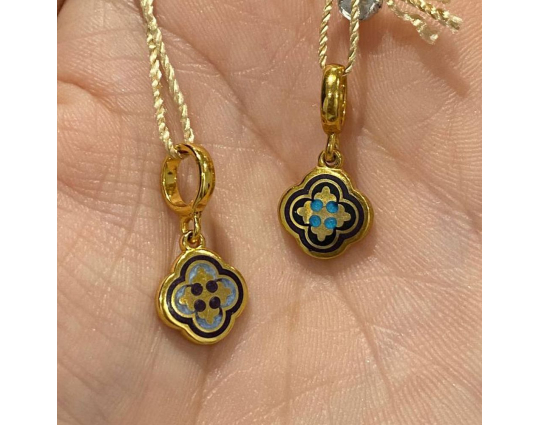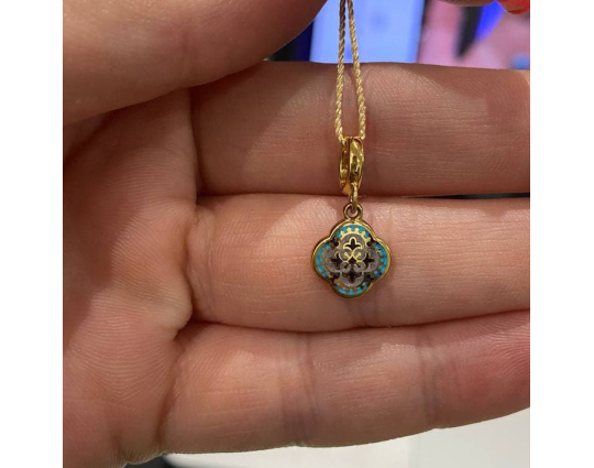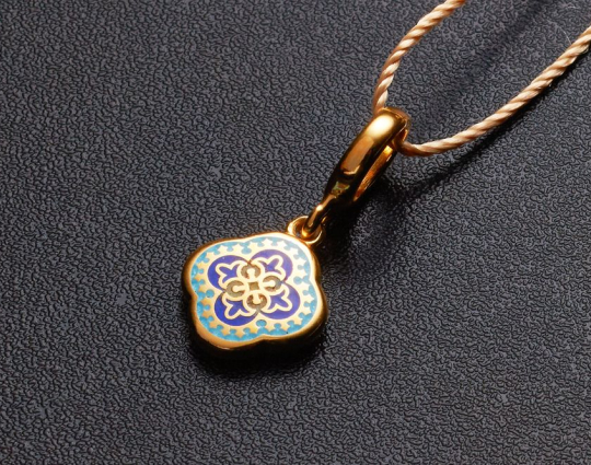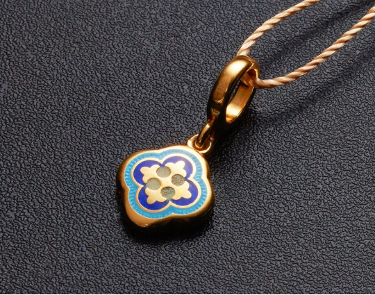 Серебряная подвеска изящной, округлой формы, которая украшена позолотой и эмалевой росписью. В ее центре - равносторонний крест. Такой крест - символ победы и процветания, а равная длина его планок означает равенство небесного и земного мира.
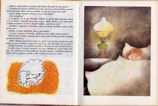 「さくらんぼ王国のお姫様」というタイトルのこちらの絵本は、現在は違うイラストレーターによって復刻されているようですが、こちらはオタ・ヤネチェクのイラストによるもの。線画によるイラストは1点のみで、後は温かみのあるやわらかなタッチで描かれています。初版は1975年で表紙が異なります。全30ページ、全ての見開きにイラストが入ります。経年の汚れなどはあるものの状態良好です。
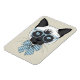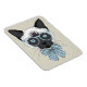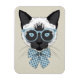 Ce design présente un chat siamois habillé d'une paire de lunettes bleues et d'une cravate arc à damiers.
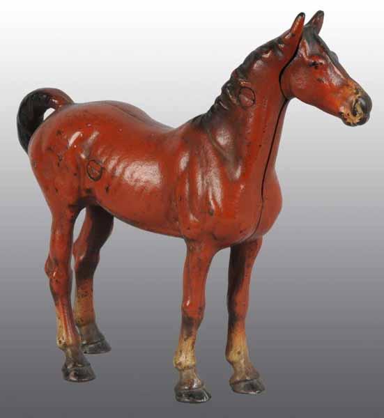 Description Made by Hubley, cat. #345. Full-figure. Referenced in Hubley catalog as, “Perfectly proportioned and a very nice casting. Painted in bay color”. Condition (Very Good). Size 10 - 1/2”.
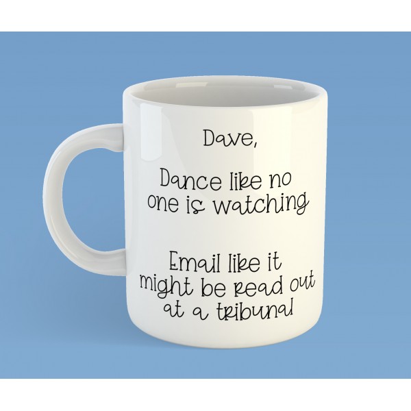 Tags: Dance Like Nobody's Watching, Email Like Read Out Tribunal, Lawyer Joke Funny Coffee Mug, Human Resources Mug, Paralegal Mug, Solicitor Gift, HR gift mug, personalised human resources mug, office worker gift, Funny Human Resources gift, mug for HR manager, GDPR gift, hr career gift. HR Gift mug
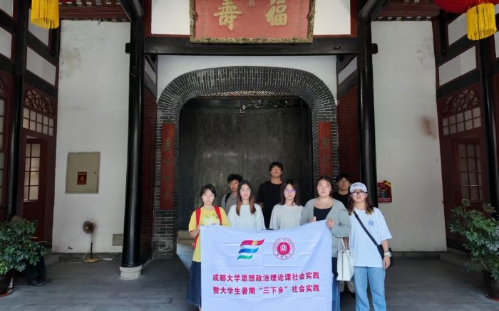 圖為實踐團隊在崇州市博物館門口的合影。韓姚秋晨攝。 而在當地小學開展的“紅色記憶”問卷調查中,孩子們用鉛筆涂寫的稚嫩答案被逐一拍照存檔——這些充滿童趣的手寫反饋,將成為團隊后續學習情感分析算法時的珍貴訓練素材。
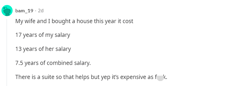 还有人举例,他和老婆今年买了栋房子,然后发现自己不吃不喝工资17年才能还完房贷,老婆13年工资,或者俩人一起7年半才行。生活真是太贵了!
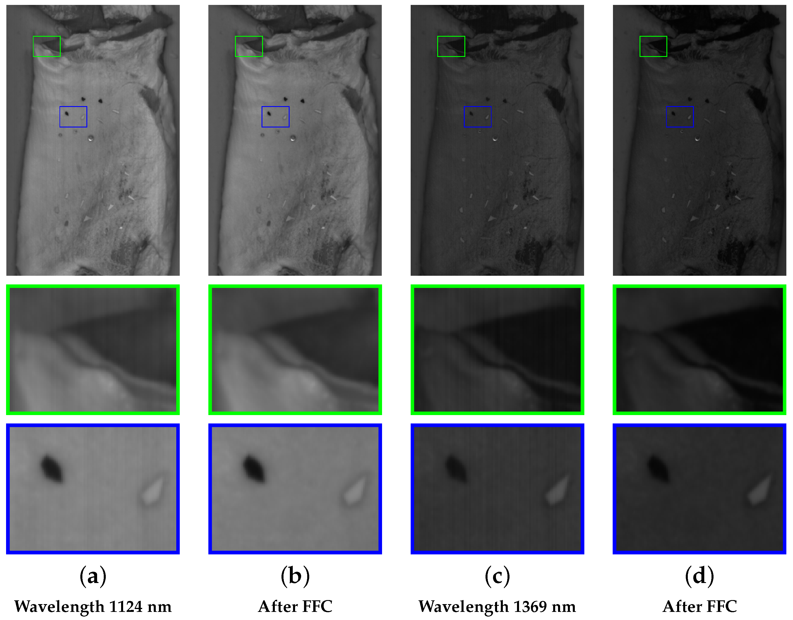 Figure 7 illustrates an example of a hyperspectral image with visible fixed-pattern noise in columns (a,c), appearing as vertical stripes. Columns (b,d) depict the results after applying flat-field correction, with a reduced noise pattern. The crops highlight how the noise pattern varies across different wavelength images in columns (a,c).
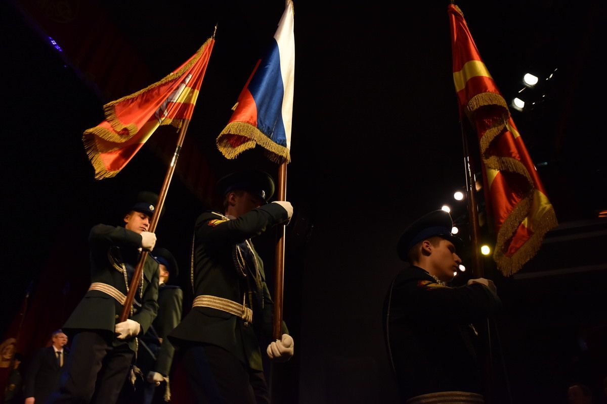Церемония прошла накануне вечером в театре «Омнибус». Там на сцену вынесли знамена предприятий, которые в годы Великой Отечественной войны выпускали для фронта оружие: машиностроительного, металлургического, абразивного, часового заводов.
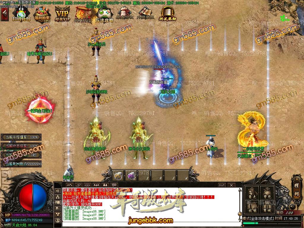 金币充值比例 1 :10   版本为正常开区端有问题联系QQ 616102345  处理
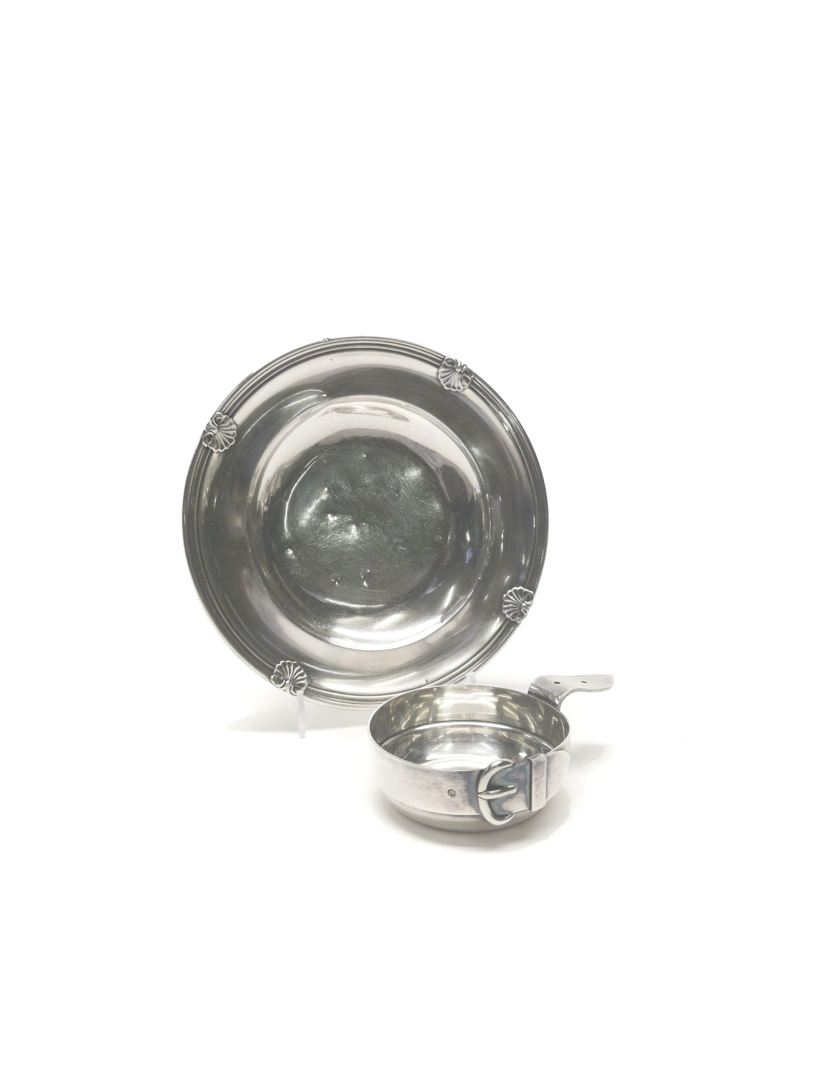 3707. Une coupelle Odiot à motif de coquille et un taste-vin Hermès
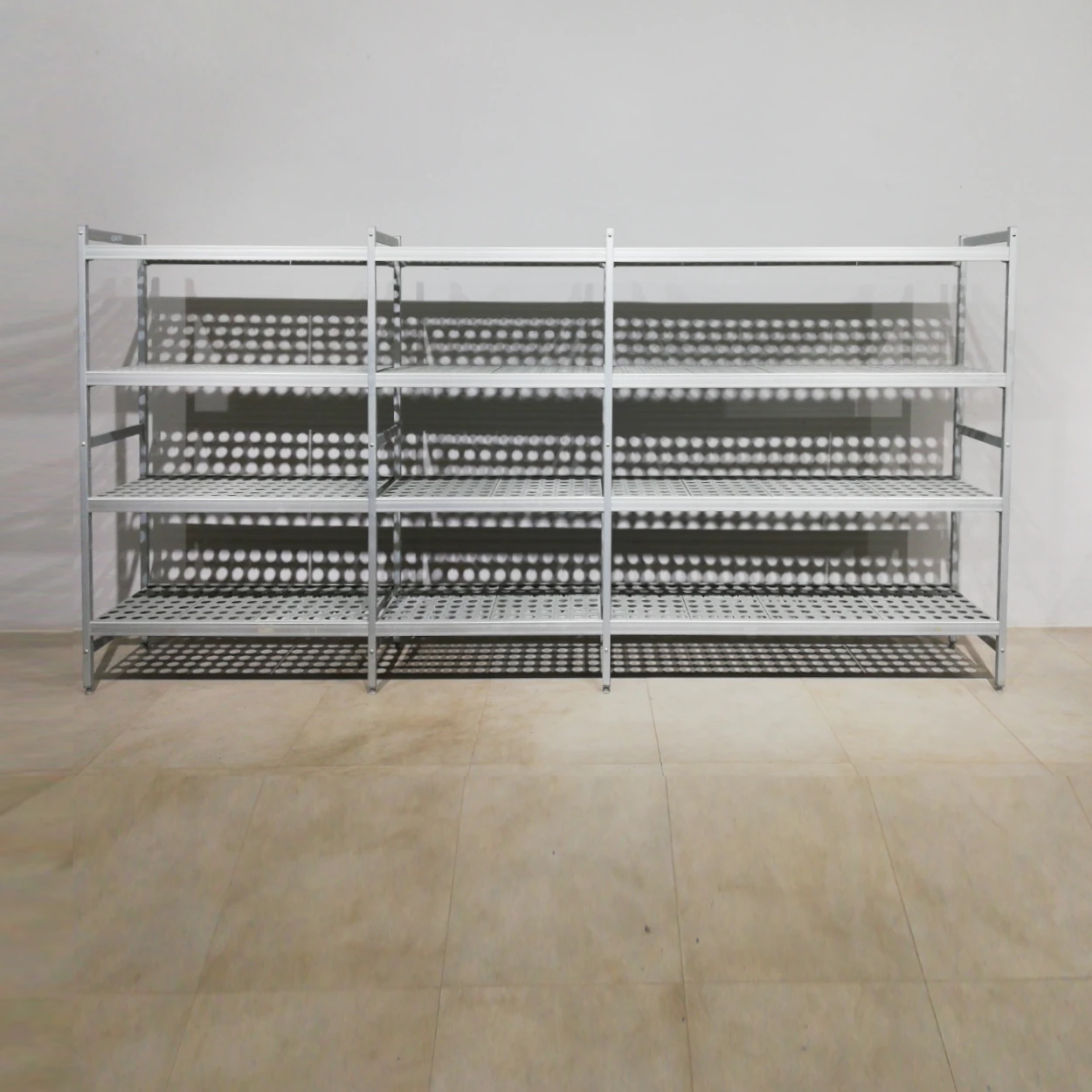 Prestatgeria d’alumini i posts de plàstic per a cambra frigorífica de gran qualitat i resistència.
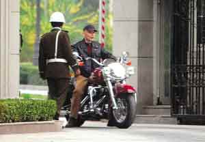 日前某天下午記者看見葛優(yōu)騎著一輛嶄新的國產(chǎn)某品牌大型摩托車駛出別墅大門,他穿著休閑夾克,戴著一頂棒球帽,端坐車上,滿臉含笑,經(jīng)過大門時還主動朝保安點(diǎn)頭,看上去心情超爽,一出別墅大門,葛優(yōu)便加大油門,繞著別墅疾馳起來,他姿態(tài)瀟灑,動作嫻熟,仿佛是一位正在前去參加“方程式”比賽的摩托騎手。幾分鐘后,葛優(yōu)結(jié)束了這次短暫的兜風(fēng),帶著煥發(fā)出的一種少有的活力返回別墅。卓 偉
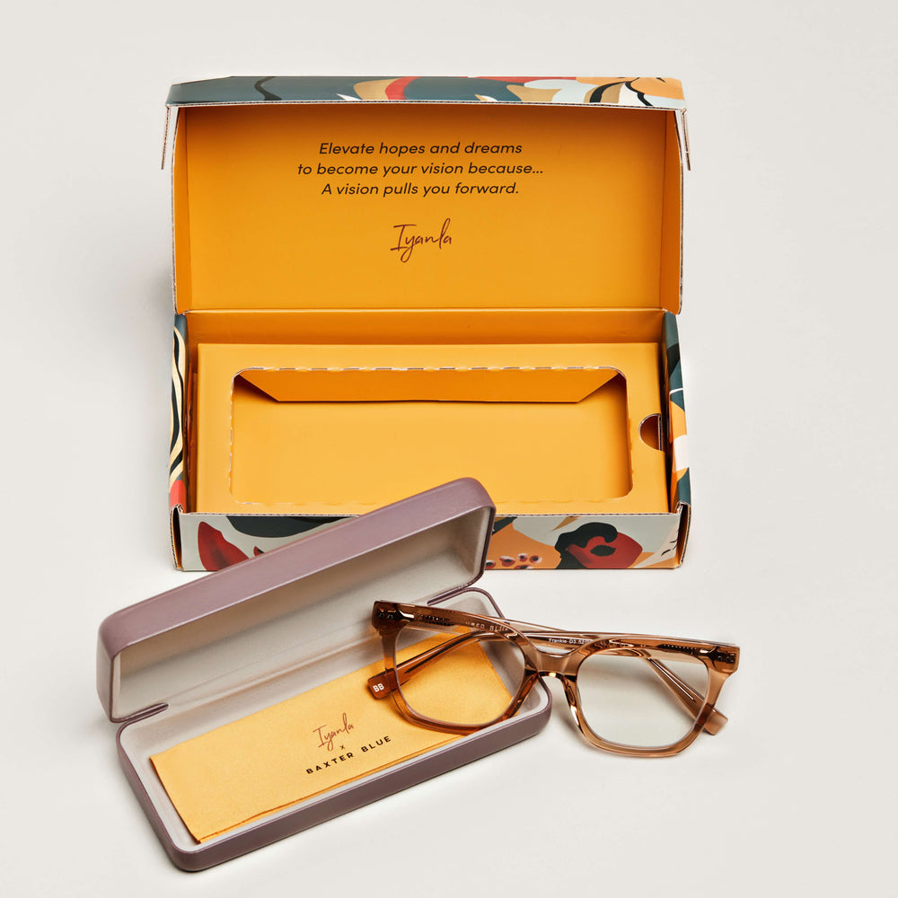 The Extras:Each pair comes packaged in a limited edition outer box designed by Iyanla, with a limited edition cleaning cloth and a sturdy glasses case
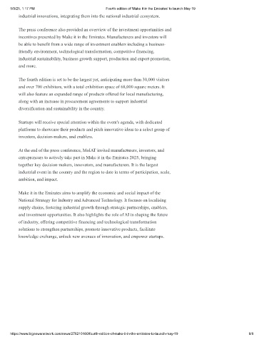 5/9/25, 1:17 PM Fourth edition of 'Make it in the Emirates' to launch May 19
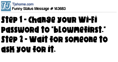 - # 166746 Step 1 - Change your Wi-Fi password to "blowmefirst." Step 2 - Wait for someone to ask you for it.
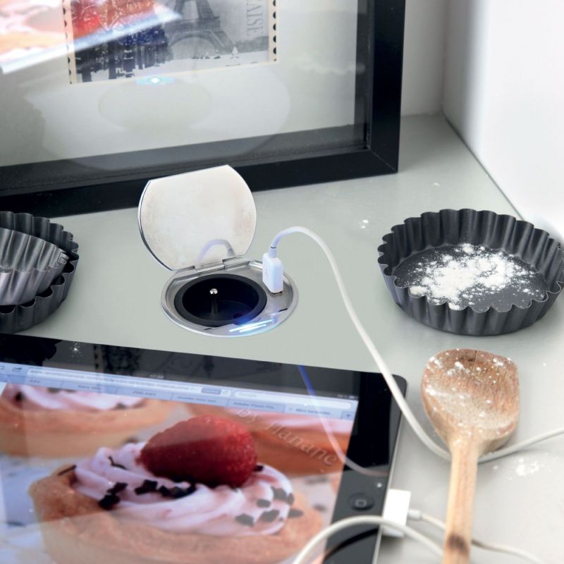 Bloc 1 prise + 1 USB DISC avec clapet affleurant à encastrer dans un plan de travail, Inox brossé

=== TASK PROMPT ===
Within these entries, output exactly the lines starting at the one with "Ce design présente" and finishing at the one with "Figure 7 illustrates". Leave pictures out of the output.

=== SOLUTION TO THIS PROBLEM ===
 Ce design présente un chat siamois habillé d'une paire de lunettes bleues et d'une cravate arc à damiers.
 Description Made by Hubley, cat. #345. Full-figure. Referenced in Hubley catalog as, “Perfectly proportioned and a very nice casting. Painted in bay color”. Condition (Very Good). Size 10 - 1/2”.
 Tags: Dance Like Nobody's Watching, Email Like Read Out Tribunal, Lawyer Joke Funny Coffee Mug, Human Resources Mug, Paralegal Mug, Solicitor Gift, HR gift mug, personalised human resources mug, office worker gift, Funny Human Resources gift, mug for HR manager, GDPR gift, hr career gift. HR Gift mug
 圖為實踐團隊在崇州市博物館門口的合影。韓姚秋晨攝。 而在當地小學開展的“紅色記憶”問卷調查中,孩子們用鉛筆涂寫的稚嫩答案被逐一拍照存檔——這些充滿童趣的手寫反饋,將成為團隊后續學習情感分析算法時的珍貴訓練素材。
 还有人举例,他和老婆今年买了栋房子,然后发现自己不吃不喝工资17年才能还完房贷,老婆13年工资,或者俩人一起7年半才行。生活真是太贵了!
 Figure 7 illustrates an example of a hyperspectral image with visible fixed-pattern noise in columns (a,c), appearing as vertical stripes. Columns (b,d) depict the results after applying flat-field correction, with a reduced noise pattern. The crops highlight how the noise pattern varies across different wavelength images in columns (a,c).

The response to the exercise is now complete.